I’ve had two requests in recent weeks to enter into discussions around the price and terms of a transaction.
I declined both requests.
Let me explain why.
One was for a lease renewal negotiation and one was for a building purchase.
There are limited occasions where it can be an acceptable strategy, when it has become necessary to finish a deal. But often it is not a viable solution; often it can result in causing hard feelings between parties to the negotiation and, at worst, blowing up the deal entirely.
Typically I’d categorize a verbal offer as more of a fishing expedition that is far less likely than a written contract to lead to a transaction that closes.
There are occasions when an in-person meeting between parties can result in finalizing a complex negotiation.
If most of the terms of an offer have been hammered out on paper, and there is clear motivation between both parties to complete a deal, I will sometimes recommend an in-person meeting.
It can work if the conversation is solution-focused and properly facilitated.
I want some compatibility between the parties that come to the table and do my best to stay clear of a meeting where that compatibility does not exist.
I had a situation a couple of years ago where a landlord insisted on being present during a pitch to a potential corporate tenant. A couple of well-intentioned statements that individual made during the meeting eliminated any hopes of securing this corporation as a tenant.
Risk of a misunderstanding
A quick review of a standard offer to lease reveals about 15 details that are likely to be overlooked in a verbal negotiation. It’s easy to start a business relationship on the wrong foot by forgetting to talk about essential elements of a deal.
Both parties can walk away feeling like they have an understanding only to find out when the paper gets drafted that too many details were left out of the discussion that materially impact the transaction.
When negotiating a lease with third-party management in place, I’ll ask the property manager to review the offer before proceeding.
There can be issues such as the number of electrified or non-electrified parking stalls available to contract for staff, exclusive use clauses that may have been previously negotiated by other tenants in the development, or a first right of refusal may have been granted to adjacent tenants.

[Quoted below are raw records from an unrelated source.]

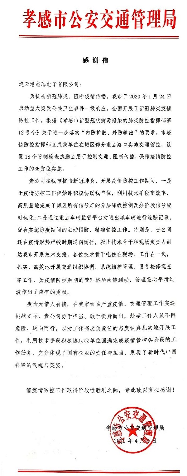 ????中國船舶集團(tuán)七一六所下屬杰瑞電子公司收到湖北省孝感市公安交通管理局發(fā)來的感謝信,對杰瑞電子赴孝感工作人員不懼危險、逆向而行,以高度負(fù)責(zé)任的態(tài)度,利用技術(shù)手段,積極協(xié)助疫情防控工作表示感謝。
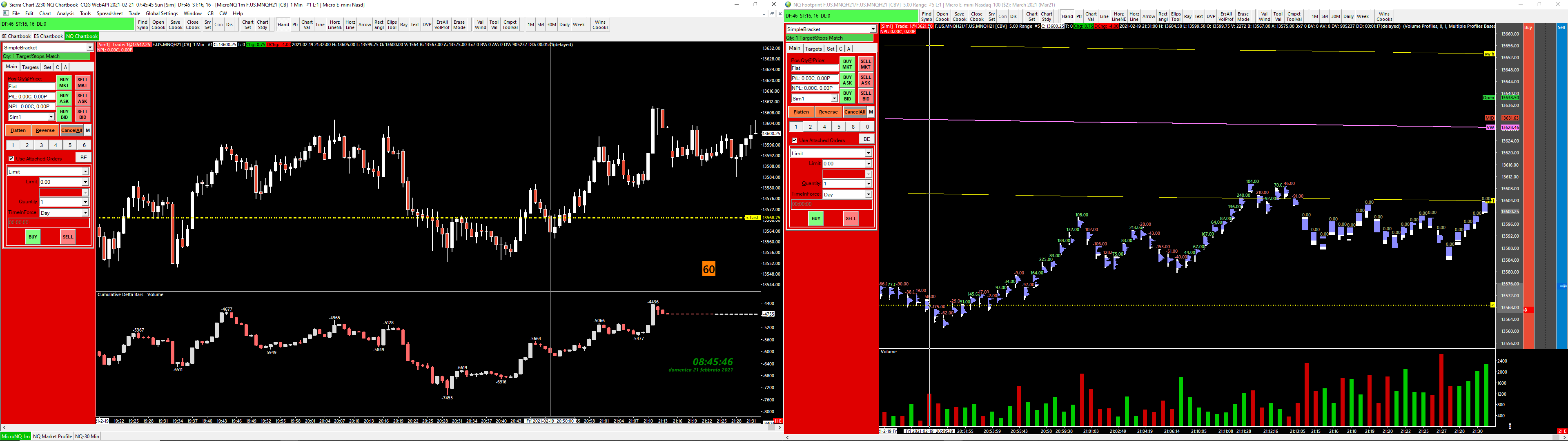 Good morning, I use two monitors for my trading and I have a couple of questions for you. 1.as you can see in screen01.png, the chart on the right side shows the main menu (file, edit, chart etc) but not the sierra chart control bar. In screen02.png (MNQ charts) I have on the right side the sierra chart control bar but not the main menu Why this happens? Is there something I can do to have main menu ad SC control bar at the same time as in the left side of the attached images? When markets are open and I want to add/remove lines, text, tools, studies or change time frames, I have to switch from main menu and SC control bar, depending on the chart I am working on at that moment and it is frustrating (at least) 2.when I use the Windows and Chartbooks (screen03.png), the detached windows on monitor n.2 'comes back home' to monitor n.1. The problem is that when I click on the OK button, Sierra Chart automatically closes itself, simply it shuts down and this happens 100% of the time when I use Windows and Chartbook for one chartbook only but not with the other two chartbooks that I use. And when I restart sierra, nothing has changed, the detached window is still detached. How can avoid this to happen again? thank you |
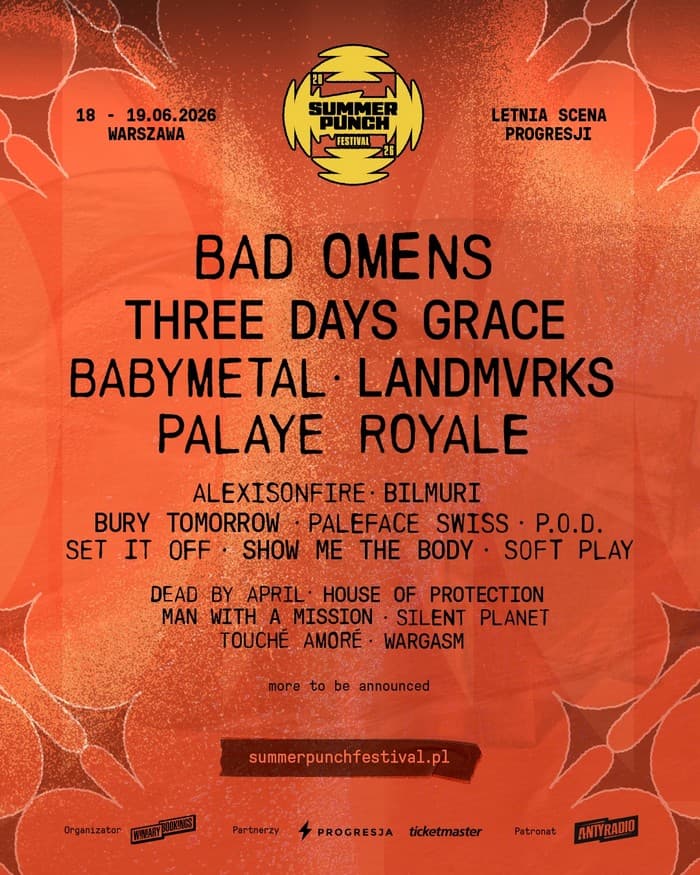 Pierwsza odsłona Summer Punch Festival odbędzie się 18 oraz 19 czerwca przyszłego roku na terenie warszawskiej Letniej Scenie Progresji. Do tej pory ogłoszono już, że na imprezie zaprezentują się Bad Omens, Three Days Greace, Alexisonfire, Landmrvks, Babymetal, Soft Play, Wargas, Dead By April, P.O.D., Set It Off oraz Dead By April. A to tylko mała część line-upu! Do wydarzenia dołączyli bowiem dziś:

The list of essential considerations is long.
And, finally, have I been granted the authority to negotiate if the client I’m representing isn’t present?
Where there are only one or two elements to discuss, obtaining that authority from my client before a discussion is easy.
If, however, there are many elements to be determined, I simply can’t engage in the negotiation unless I have a written power of attorney.
Barry Stuart is managing Partner and senior sales associate, ICR Commercial Real Estate in Saskatoon and Regina.